Poetics 5: Instruction


With the CATTt in mind, I too looked for terms and concepts that made multiple appearances throughout my blog posts.  There are three particular concepts and their manifestation that I wish to keep in mind as I make an attempt to compose what I call a visual representation of the mystory, mytage. These terms are as follows:
  1. ​Shi (Jullien)--> libido (Lacan)-->artistic gesture, the precise moment when to press the shutter (The Cinematic).
  2. Gaze (Lacan)--> The Gap (The Cinematic)--> Yin Yang (Jullien)---> 
  3. Montage (The Cinematic)--> Tendency (Jullien)--> Unconscious (Lacan)

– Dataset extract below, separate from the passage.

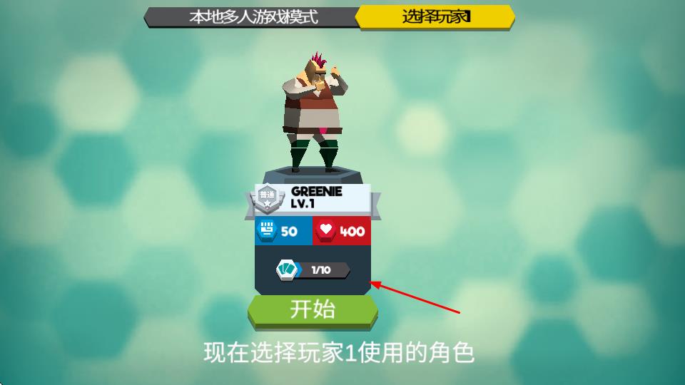 1、進入本地多人游戲模式后,選擇玩家1使用的角色,查看角色屬性,點擊開始進入對戰(zhàn)場景。

What is interesting about this arrangement of terms is that they can be paired in with multiple others and still function as a part or description of another term. For instance, while I am saying that montage is a representation of both Jullien's yin-yang and Lacan's unconscious, montage can also be paired with the gaze and the gap. With this model in mind, I would like to explore concepts of montage throughout my mystory. Specifically, What I hope to address is this notion of the gaze and shi through the artistic gesture of a moving montage. I will  use specific images that act as “headers” to my popcylce after I will add a comic avatar of myself to the sequence, who will live out the events of my mystory. In do so, I think I will not only the gaze, but I will also draw attention to the unconscious and the gap that lingers withing. In addition, regarding the gap, and unconscious, I will look at the space that accommodates and yet divides each image into its own separate thing. My decision to incorporate animation to tell my narrative reflects of shi or the gesture to communicate myself through a representation of, essentially, the other.  What does the spacing suggest regarding the distance between each image and how does the movement of an image shifts its meaning in the collective setting of the montage.  I hope that by arranging and re-arranging the images that it will help me understand why I was drawn to or tended towards specific photos in  mystory, and largely how this sometime abstract and still photos contrast and disrupt the flow of my animated self.

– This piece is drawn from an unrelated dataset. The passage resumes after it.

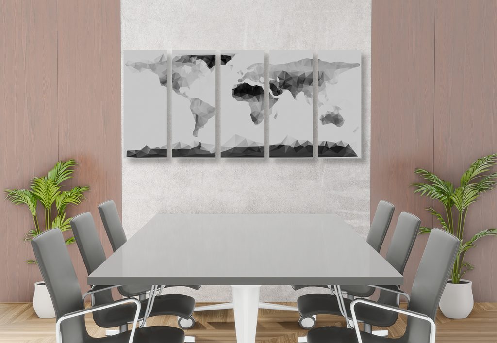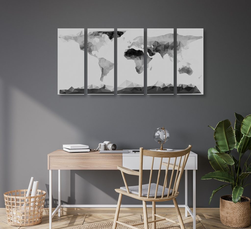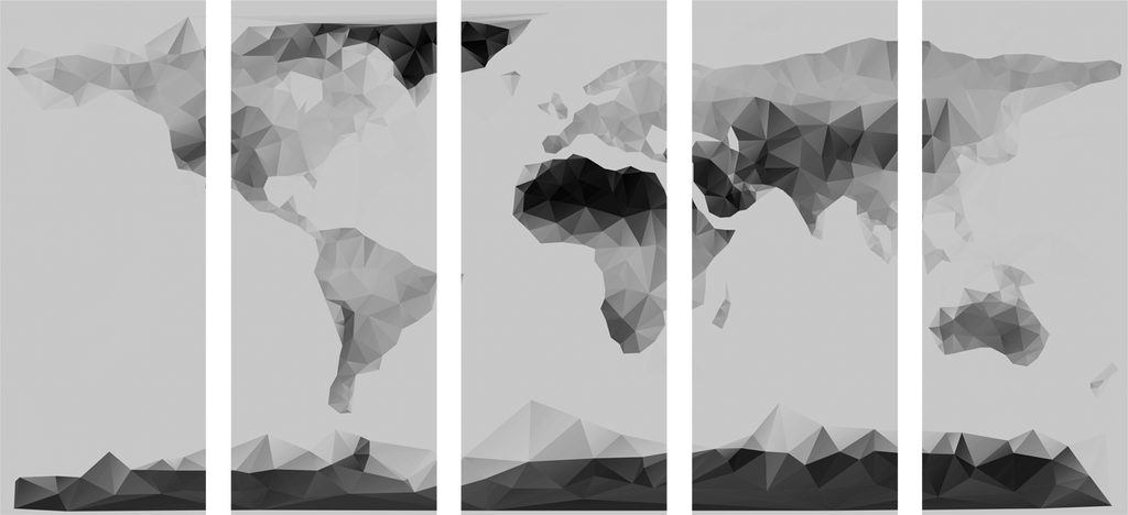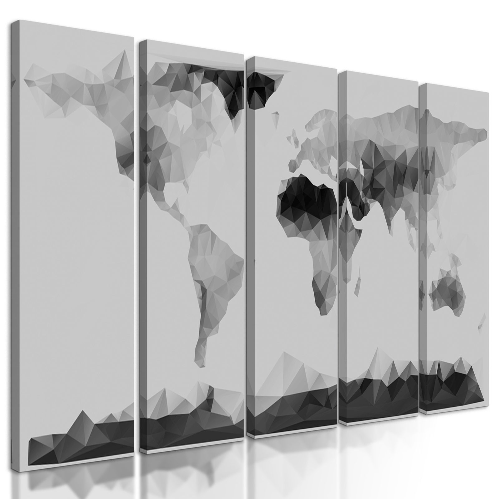 5-dielny obraz mapa sveta tvorená mnohouholníkmi v čiernobielom prevdení

Instruction: Moving Mytage

Access the mystory completed in the first half of the course. Choose five representative photos from your popcylce: family, entertainment, community, career, and logo. After, create a bitstrip account and create an avatar of yourself and use that avatar to tell the narrative of yourself. To do so, you will have to have access to a video editor such as Kdenlive to arrange your images in such a way that it tells a sequential narrative that reflects what words could not communicate in your mystory. This sequential narrative will be a montage.  Consider the juxtaposing of still shots to drawings to animations. In addition, what has this experiment taught you.